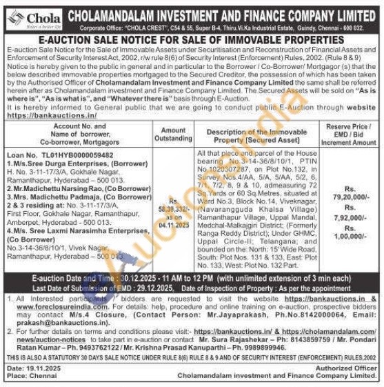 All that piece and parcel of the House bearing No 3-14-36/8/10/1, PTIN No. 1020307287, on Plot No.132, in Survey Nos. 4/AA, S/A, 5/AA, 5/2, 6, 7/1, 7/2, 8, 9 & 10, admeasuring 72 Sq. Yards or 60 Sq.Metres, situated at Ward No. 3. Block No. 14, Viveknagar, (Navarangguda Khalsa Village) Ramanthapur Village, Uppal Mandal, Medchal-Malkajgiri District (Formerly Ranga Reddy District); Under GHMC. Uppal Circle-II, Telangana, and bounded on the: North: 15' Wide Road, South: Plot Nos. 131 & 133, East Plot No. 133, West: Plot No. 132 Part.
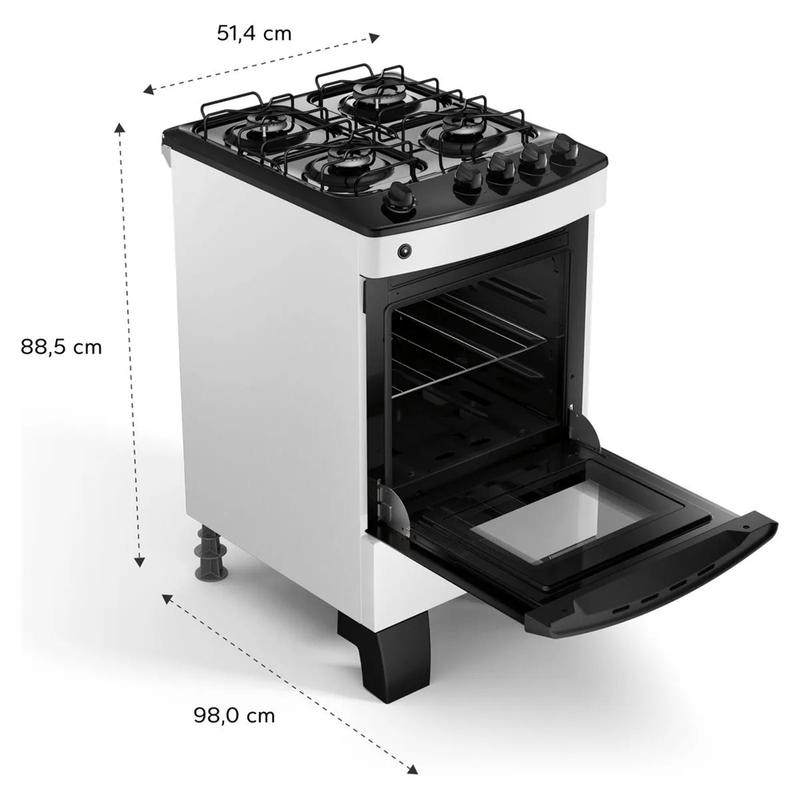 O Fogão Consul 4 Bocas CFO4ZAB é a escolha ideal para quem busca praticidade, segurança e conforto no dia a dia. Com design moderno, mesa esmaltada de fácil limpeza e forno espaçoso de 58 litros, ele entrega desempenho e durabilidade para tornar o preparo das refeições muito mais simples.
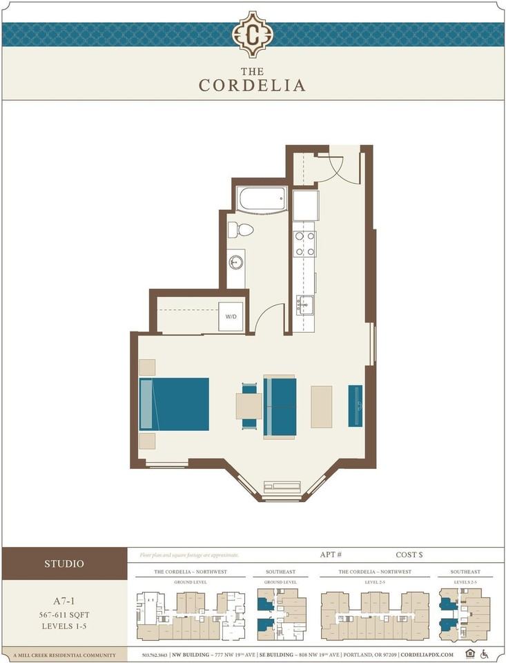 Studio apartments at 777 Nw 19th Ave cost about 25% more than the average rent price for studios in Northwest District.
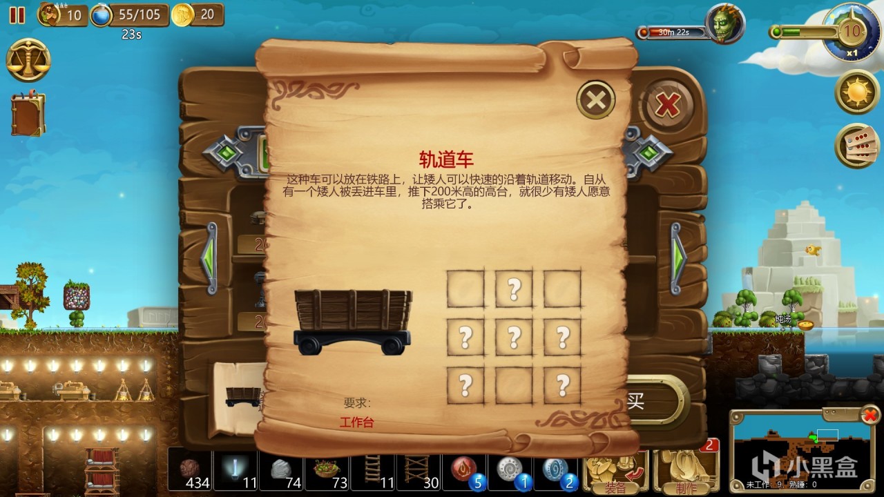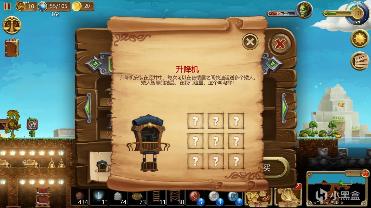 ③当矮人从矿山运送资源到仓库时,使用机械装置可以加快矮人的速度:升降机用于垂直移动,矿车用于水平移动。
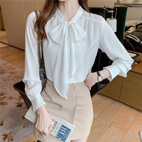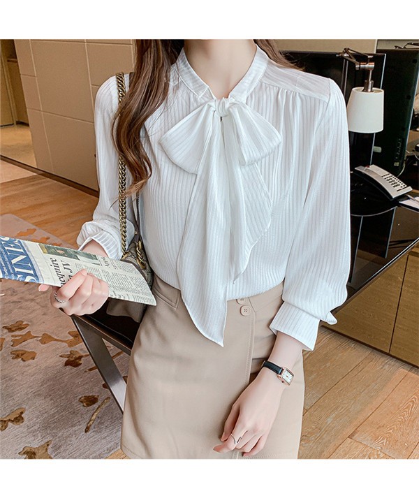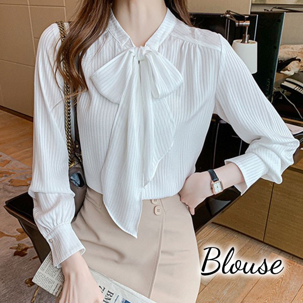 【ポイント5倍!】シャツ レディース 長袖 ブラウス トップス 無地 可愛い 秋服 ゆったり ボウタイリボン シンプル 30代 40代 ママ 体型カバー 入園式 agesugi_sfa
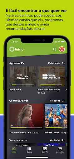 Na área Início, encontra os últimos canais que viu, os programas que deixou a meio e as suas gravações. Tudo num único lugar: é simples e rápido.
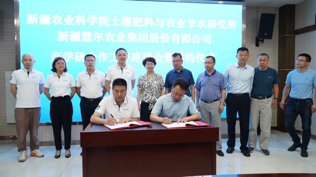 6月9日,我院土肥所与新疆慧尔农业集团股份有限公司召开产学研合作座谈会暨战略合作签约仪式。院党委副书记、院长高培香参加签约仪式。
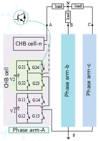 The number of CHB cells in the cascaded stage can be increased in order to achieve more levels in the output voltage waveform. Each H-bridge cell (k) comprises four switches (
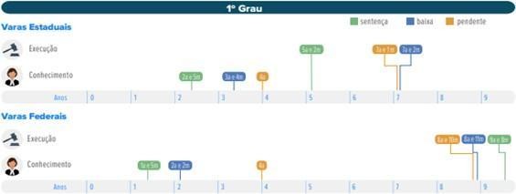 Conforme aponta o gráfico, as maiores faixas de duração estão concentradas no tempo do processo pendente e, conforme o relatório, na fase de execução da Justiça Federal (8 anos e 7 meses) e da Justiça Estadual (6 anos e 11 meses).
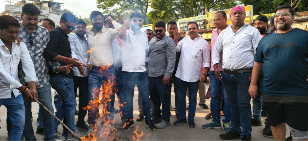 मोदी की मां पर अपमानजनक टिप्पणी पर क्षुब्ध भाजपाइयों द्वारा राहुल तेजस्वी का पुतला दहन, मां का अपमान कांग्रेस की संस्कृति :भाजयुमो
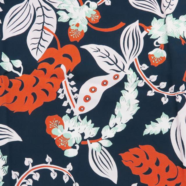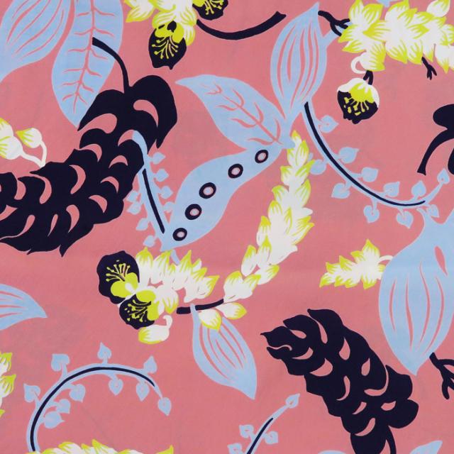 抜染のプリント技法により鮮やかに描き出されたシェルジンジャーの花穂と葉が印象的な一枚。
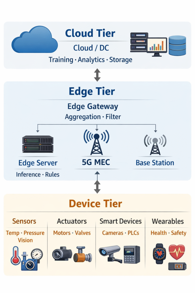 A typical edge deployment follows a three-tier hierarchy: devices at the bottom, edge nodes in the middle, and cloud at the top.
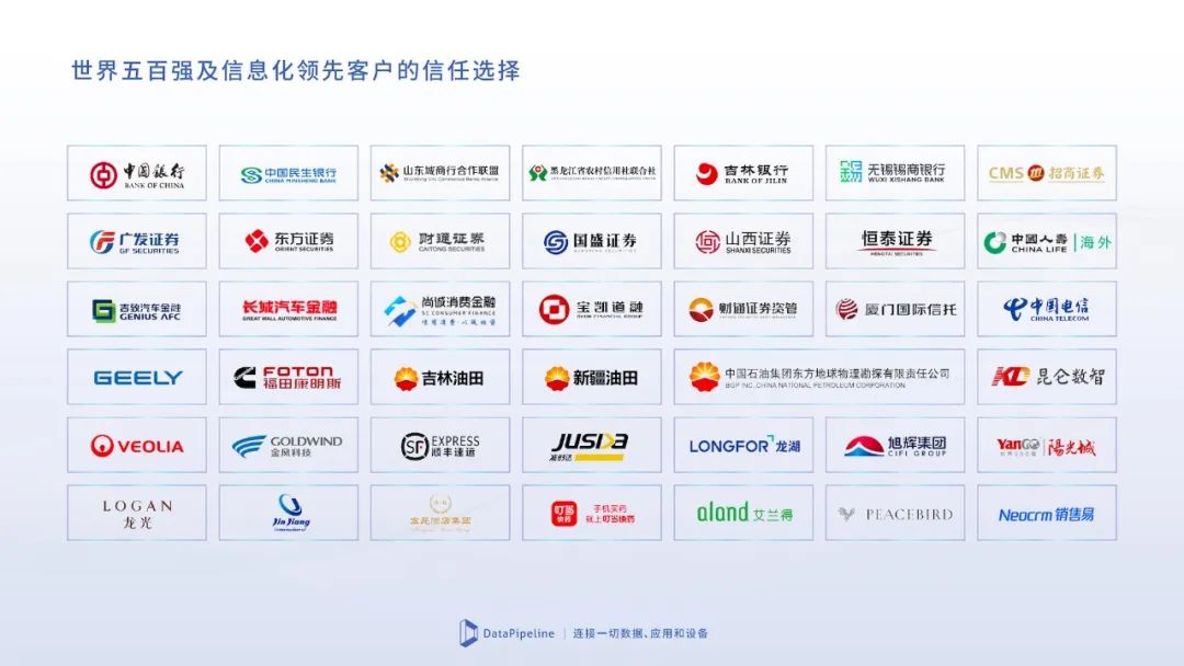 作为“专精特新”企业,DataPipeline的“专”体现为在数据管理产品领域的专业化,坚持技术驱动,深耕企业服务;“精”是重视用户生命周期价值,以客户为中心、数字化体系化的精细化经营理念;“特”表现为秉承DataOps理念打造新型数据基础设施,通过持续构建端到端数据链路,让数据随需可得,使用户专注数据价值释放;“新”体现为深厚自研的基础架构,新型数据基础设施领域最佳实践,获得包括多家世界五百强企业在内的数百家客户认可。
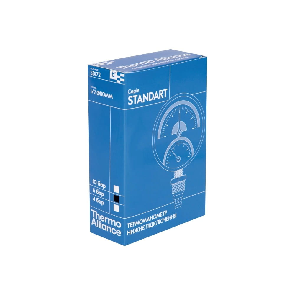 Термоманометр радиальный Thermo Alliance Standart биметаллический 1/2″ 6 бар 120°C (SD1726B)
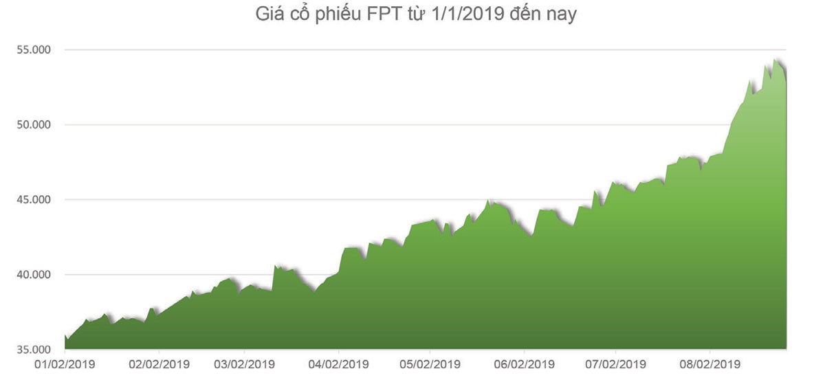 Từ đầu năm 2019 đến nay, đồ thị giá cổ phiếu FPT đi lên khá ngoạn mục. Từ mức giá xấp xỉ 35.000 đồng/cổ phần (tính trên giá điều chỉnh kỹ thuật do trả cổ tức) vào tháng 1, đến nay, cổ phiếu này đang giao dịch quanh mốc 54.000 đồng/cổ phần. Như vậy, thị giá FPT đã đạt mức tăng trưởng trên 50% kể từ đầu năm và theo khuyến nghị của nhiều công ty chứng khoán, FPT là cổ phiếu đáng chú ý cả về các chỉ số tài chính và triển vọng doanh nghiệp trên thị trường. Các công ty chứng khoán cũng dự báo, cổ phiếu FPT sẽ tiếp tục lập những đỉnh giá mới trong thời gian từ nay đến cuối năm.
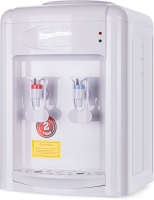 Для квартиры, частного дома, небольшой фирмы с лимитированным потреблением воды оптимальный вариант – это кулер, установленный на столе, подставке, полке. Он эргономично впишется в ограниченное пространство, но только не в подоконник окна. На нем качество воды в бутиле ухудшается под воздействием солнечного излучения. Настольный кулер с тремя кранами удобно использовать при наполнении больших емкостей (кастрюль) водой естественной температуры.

□ □ □ □

EXERCISE DESCRIPTION:
Return exactly the lines of the material above, starting at the line containing "6月9日,我院土肥所与新疆慧" and finishing at the line containing "The number of", without any pictures.

REPLY:
 6月9日,我院土肥所与新疆慧尔农业集团股份有限公司召开产学研合作座谈会暨战略合作签约仪式。院党委副书记、院长高培香参加签约仪式。
 The number of CHB cells in the cascaded stage can be increased in order to achieve more levels in the output voltage waveform. Each H-bridge cell (k) comprises four switches (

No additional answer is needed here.